THE PROBLEM: Every record below is to be retyped exactly, with the pictures left out.

RECORDS TO PROCESS:

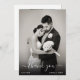 Thank friends and family for sharing your wedding celebration with you with this simple elegant thank you cards. Featuring a photograph on the front with elegant calligraphy script, names and date. On the reverse is a second picture with a personal message from the newly married couple. Text is easily customized by using the template provided.
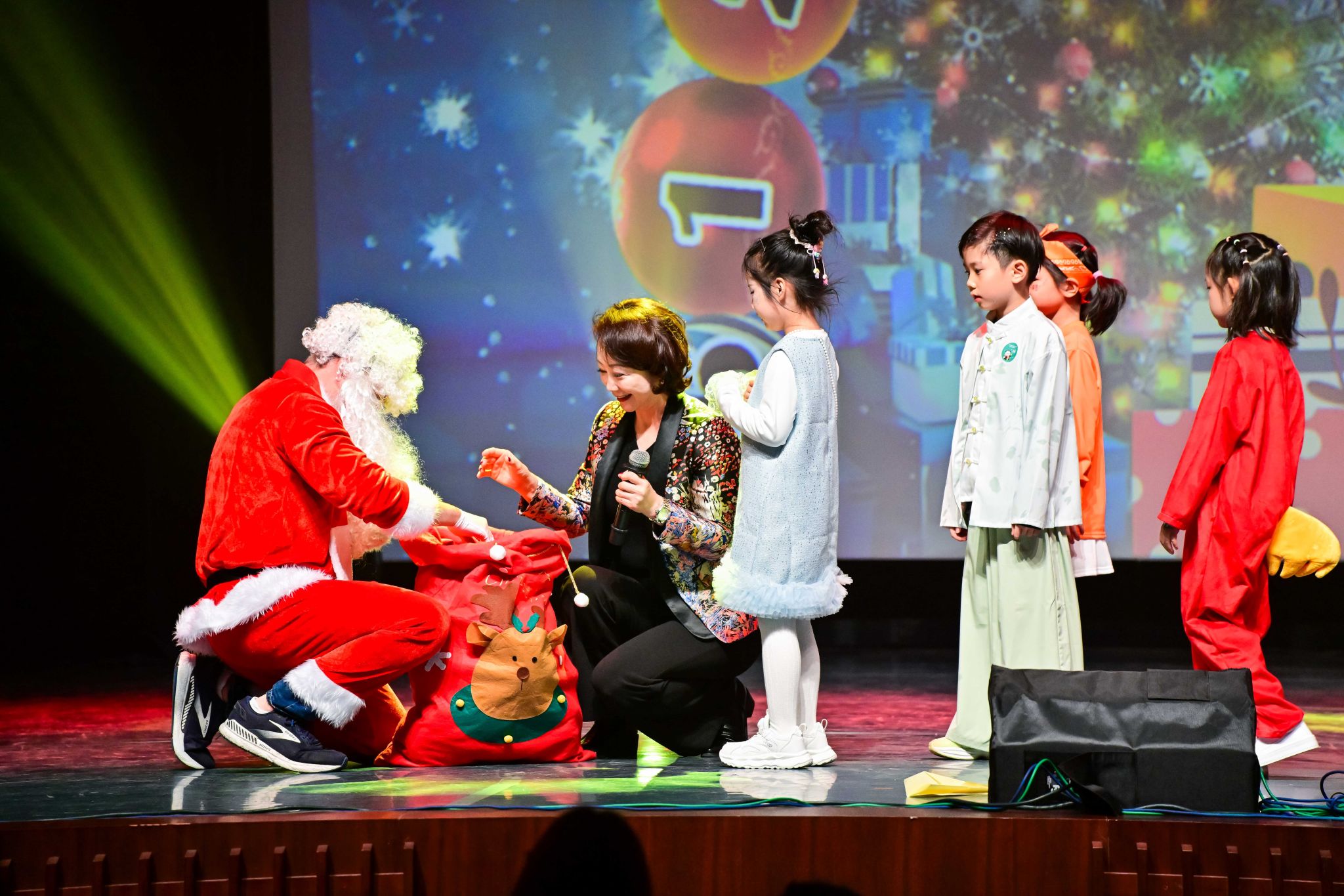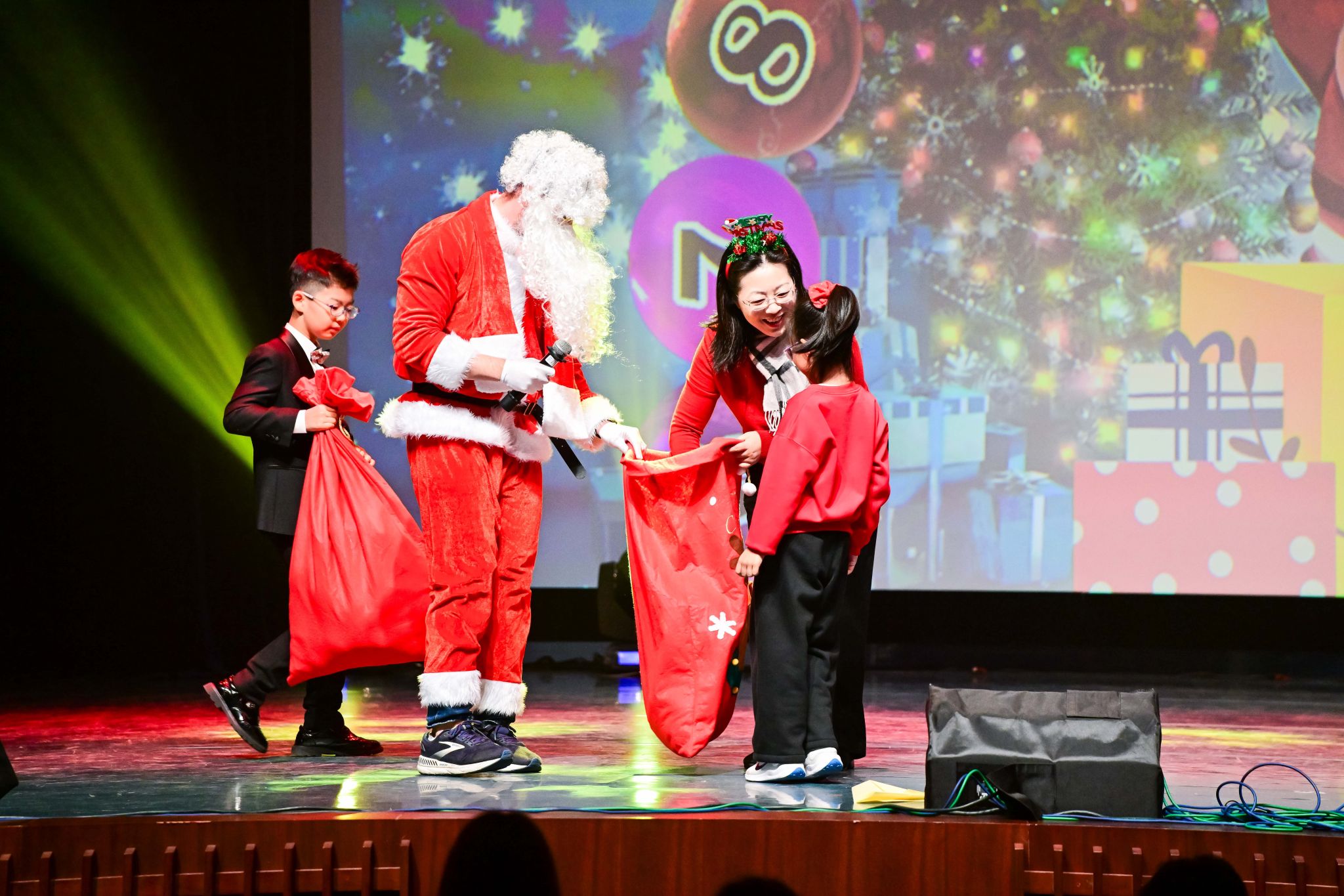 Afterwards, Ms. Liu Lian, Principal of SHSID Middle and Primary School, Ms. Miao Xiaoling, Assistant Principal of SHSID Middle and Primary School, and Ms. Zhang Yi, Director of SHSID Puxi Campus Grade 1-3, drew lucky prizes for each grade and presented carefully prepared Christmas gifts to the winners. Applause and laughter filled the auditorium, pushing the festive atmosphere to its peak.
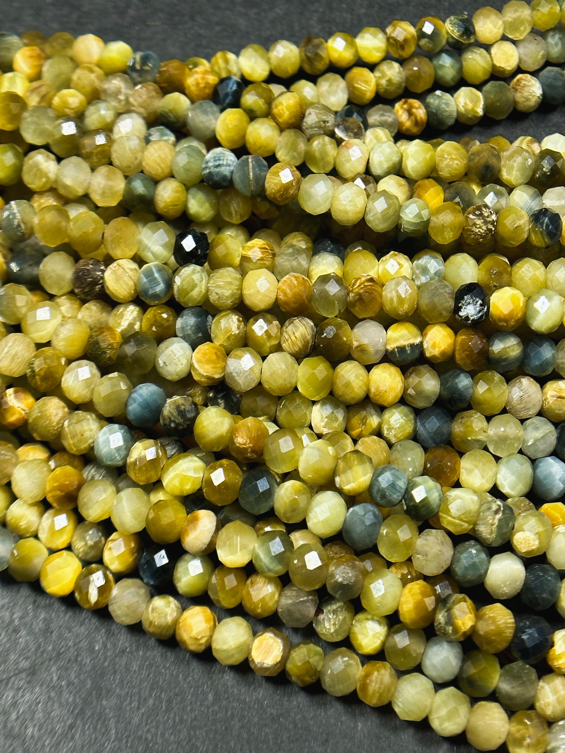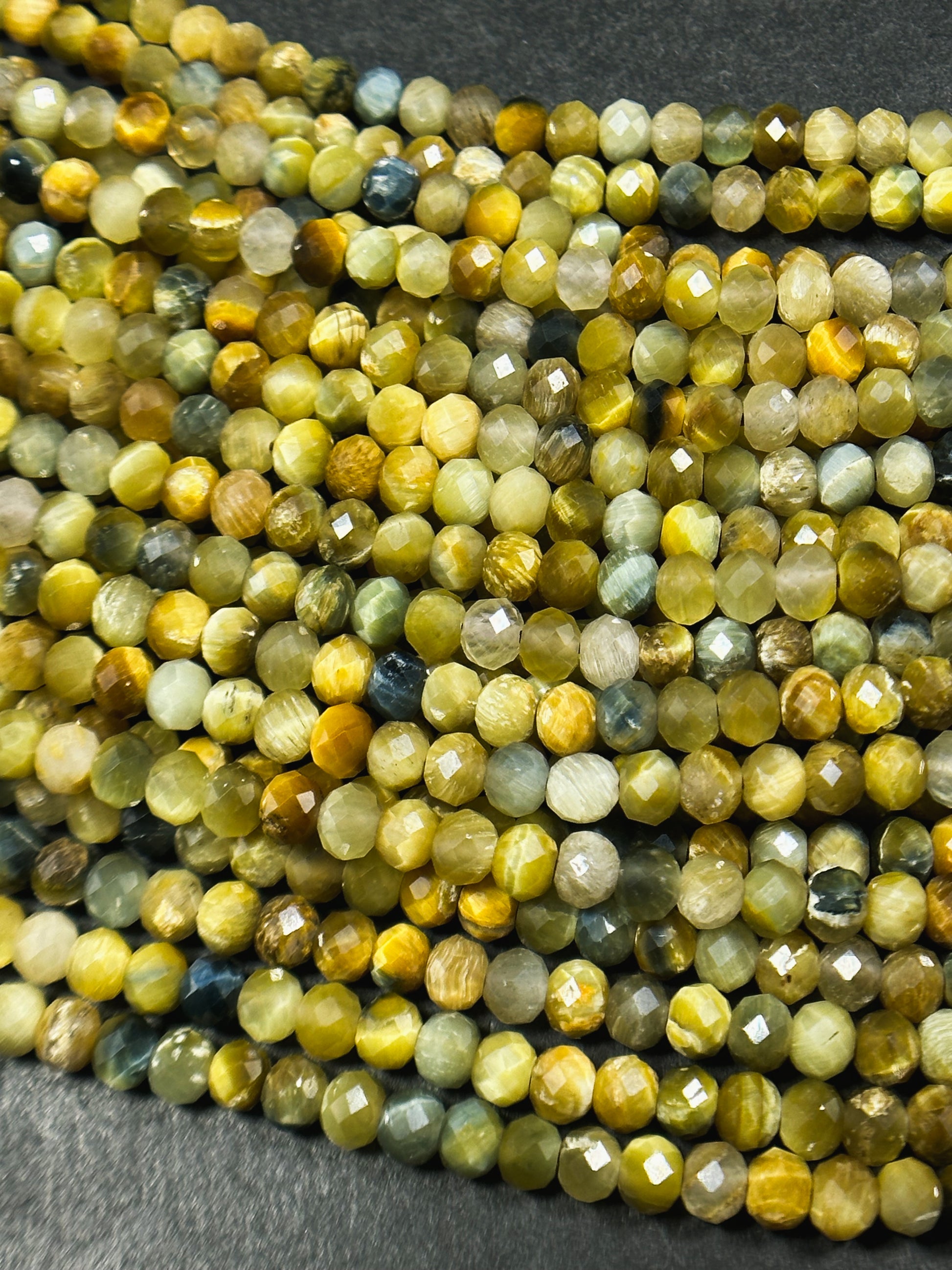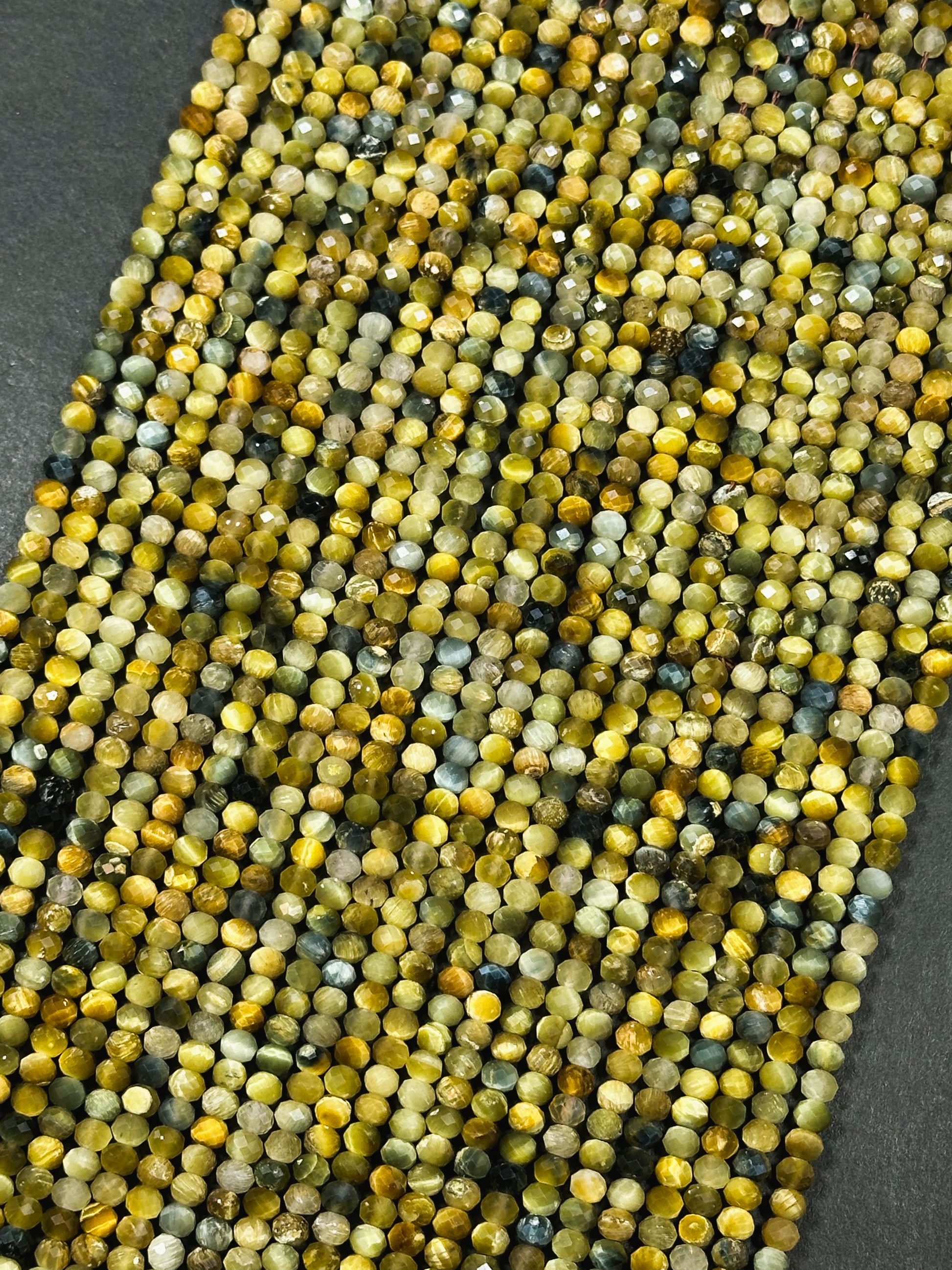 Beautiful natural blue golden yellow color tiger eye stone bead. Faceted 4mm round bead . Gorgeous natural blue tiger eye with honey yellow tiger eye stone bead. Great quality gemstone bead ! Guaranteed natural tiger eye stone bead. Natural color tiger eye bead. Not treated in any way ! Great for jewelry making !
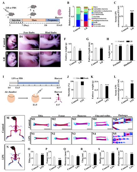 Assessing the development of mouse embryos from dysbacteriosis pregnant mice and the chick embryos treated with lipopolysaccharide (LPS). (A) Sketch illustrating the mouse model of lincomycin hydrochloride (LH)-induced dysbiosis of intestinal microbiota. (B,C) Bar charts showing the relative abundance of main bacteria in mouse guts at the class level of control and LH-treated groups (B) and the LPS level in mice serum (C). (D–E2) Representative bright-field images of E14.5 mouse embryos of control (D) and LH-treated (E) groups. High magnification images for forelimb (D1–E1) and hindlimb (D2–E2). (F–H) Bar charts showing embryo weights (F), lengths (G), as well as the lengths of forelimbs and hindlimbs (H) of control and LH-treated groups. (I) Sketch illustrating the model of LPS-treated chick embryos. (J–L) Bar charts showing embryo mortality (J), weights (K), as well as the serum LPS levels (L) of control and LPS-treated E17 chick embryos. (M,N,M1–N5) Representative Alcian blue/alizarin red whole-stained images of E17 chick embryos of control (M) and LPS-treated (N) groups. High magnification images of tibia (M1,N1), femur (M2,N2), humerus (M3,N3), ulna/radius (M4,N4), and phalanges (M5,N5). (O–T) Bar charts comparing the length of tibia, femur, humerus, ulna, radius, and phalanges between control and LPS-treated groups. Scale bars = 3 mm in (D–E,D1–E1,D2–E2,M3–M5,N3–N5); 10 mm in (M–N,M1–M2,N1–N2). (* p < 0.05, ** p < 0.01, *** p < 0.001).
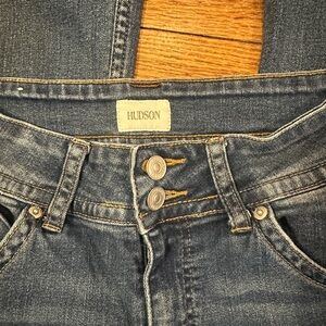 Hudson signature boot jeans with 8 3/4 rise, size 27, broken in and soft, natural hem with 33” inseam, broken in and soft, small blue mark on left knee.

REPLY:
 Thank friends and family for sharing your wedding celebration with you with this simple elegant thank you cards. Featuring a photograph on the front with elegant calligraphy script, names and date. On the reverse is a second picture with a personal message from the newly married couple. Text is easily customized by using the template provided.
 Afterwards, Ms. Liu Lian, Principal of SHSID Middle and Primary School, Ms. Miao Xiaoling, Assistant Principal of SHSID Middle and Primary School, and Ms. Zhang Yi, Director of SHSID Puxi Campus Grade 1-3, drew lucky prizes for each grade and presented carefully prepared Christmas gifts to the winners. Applause and laughter filled the auditorium, pushing the festive atmosphere to its peak.
 Beautiful natural blue golden yellow color tiger eye stone bead. Faceted 4mm round bead . Gorgeous natural blue tiger eye with honey yellow tiger eye stone bead. Great quality gemstone bead ! Guaranteed natural tiger eye stone bead. Natural color tiger eye bead. Not treated in any way ! Great for jewelry making !
 Assessing the development of mouse embryos from dysbacteriosis pregnant mice and the chick embryos treated with lipopolysaccharide (LPS). (A) Sketch illustrating the mouse model of lincomycin hydrochloride (LH)-induced dysbiosis of intestinal microbiota. (B,C) Bar charts showing the relative abundance of main bacteria in mouse guts at the class level of control and LH-treated groups (B) and the LPS level in mice serum (C). (D–E2) Representative bright-field images of E14.5 mouse embryos of control (D) and LH-treated (E) groups. High magnification images for forelimb (D1–E1) and hindlimb (D2–E2). (F–H) Bar charts showing embryo weights (F), lengths (G), as well as the lengths of forelimbs and hindlimbs (H) of control and LH-treated groups. (I) Sketch illustrating the model of LPS-treated chick embryos. (J–L) Bar charts showing embryo mortality (J), weights (K), as well as the serum LPS levels (L) of control and LPS-treated E17 chick embryos. (M,N,M1–N5) Representative Alcian blue/alizarin red whole-stained images of E17 chick embryos of control (M) and LPS-treated (N) groups. High magnification images of tibia (M1,N1), femur (M2,N2), humerus (M3,N3), ulna/radius (M4,N4), and phalanges (M5,N5). (O–T) Bar charts comparing the length of tibia, femur, humerus, ulna, radius, and phalanges between control and LPS-treated groups. Scale bars = 3 mm in (D–E,D1–E1,D2–E2,M3–M5,N3–N5); 10 mm in (M–N,M1–M2,N1–N2). (* p < 0.05, ** p < 0.01, *** p < 0.001).
 Hudson signature boot jeans with 8 3/4 rise, size 27, broken in and soft, natural hem with 33” inseam, broken in and soft, small blue mark on left knee.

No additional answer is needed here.